***** Dataset records *****
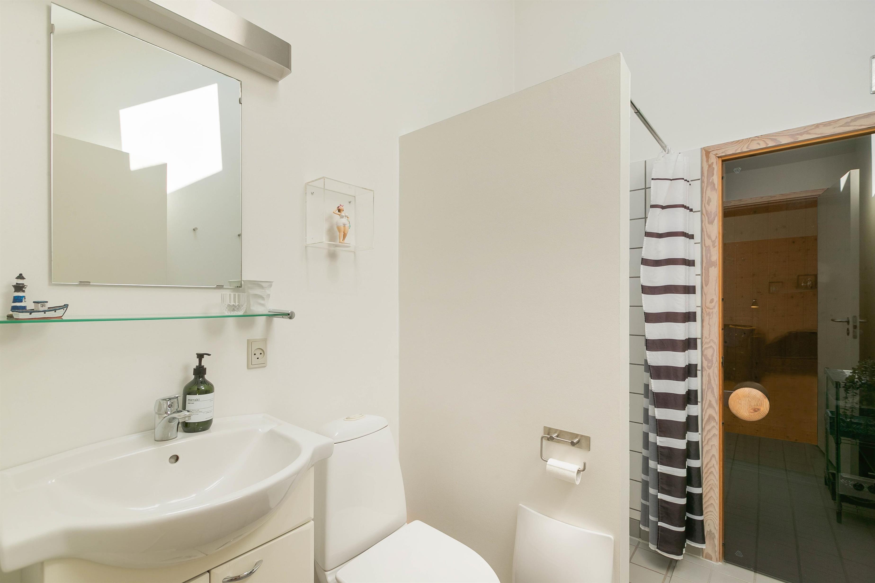 The apartment features terraces on both sides, ensuring you'll always find a sheltered spot for reading and relaxation. Large windows flood the space with natural light and provide beautiful views across the fjord. The utility room, located next to the garage, houses a washing machine and tumble dryer.
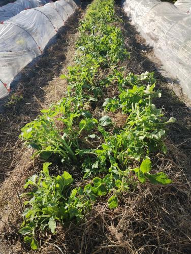 メークインのビニールトンネルを撤去し、刈草で被覆しました。
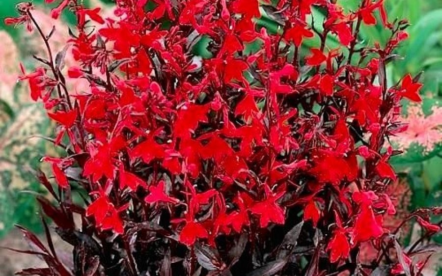 Пурпурная лобелия (Lobelia cardinalis), также известная как кардинальная лобелия. Эффектный сорт растения, выращиваемый во влажных местах или на берегах водоемов. Высота побегов до 80-90 см, колосовидное соцветие состоит из пурпурных цветков. Lobelia cardinalis выращивают в основном как садовое растение, реже как аквариумное. В диком виде растет в Северной Америке. Алая лобелия не совсем морозоустойчива, на зиму ее необходимо укрывать или переносить в прохладное светлое помещение. Цветет с июля до первых заморозков.
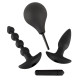 Набор секс-игрушек. Включает в себя: классическую анальную пробку (длина - 15 см, диаметр - 3,5 см), анальную пробку с шариками (длина - 18 см, диаметр - 3 см), анальный гигиенический душ (длина наконечника - 6 см) и виброэлемент с 10 различными вариантами работы. Все изделия выполнены из шелковистого силикона высокого качества.Основные характеристики Анальные пробки Black Velvets Anal Kit Черные
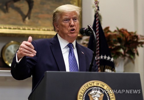 (워싱턴=연합뉴스) 송수경 특파원 = 도널드 트럼프 미국 대통령은 19일(현지시간) 소 수입 관련 무역 합의를 폐기하는 방안을 검토할 것이라고 밝혔다.
*****
Please output, exactly and with no pictures, only the lines from the one containing "Набор секс-игрушек. Включает" through the final line of the records above.

 Набор секс-игрушек. Включает в себя: классическую анальную пробку (длина - 15 см, диаметр - 3,5 см), анальную пробку с шариками (длина - 18 см, диаметр - 3 см), анальный гигиенический душ (длина наконечника - 6 см) и виброэлемент с 10 различными вариантами работы. Все изделия выполнены из шелковистого силикона высокого качества.Основные характеристики Анальные пробки Black Velvets Anal Kit Черные
 (워싱턴=연합뉴스) 송수경 특파원 = 도널드 트럼프 미국 대통령은 19일(현지시간) 소 수입 관련 무역 합의를 폐기하는 방안을 검토할 것이라고 밝혔다.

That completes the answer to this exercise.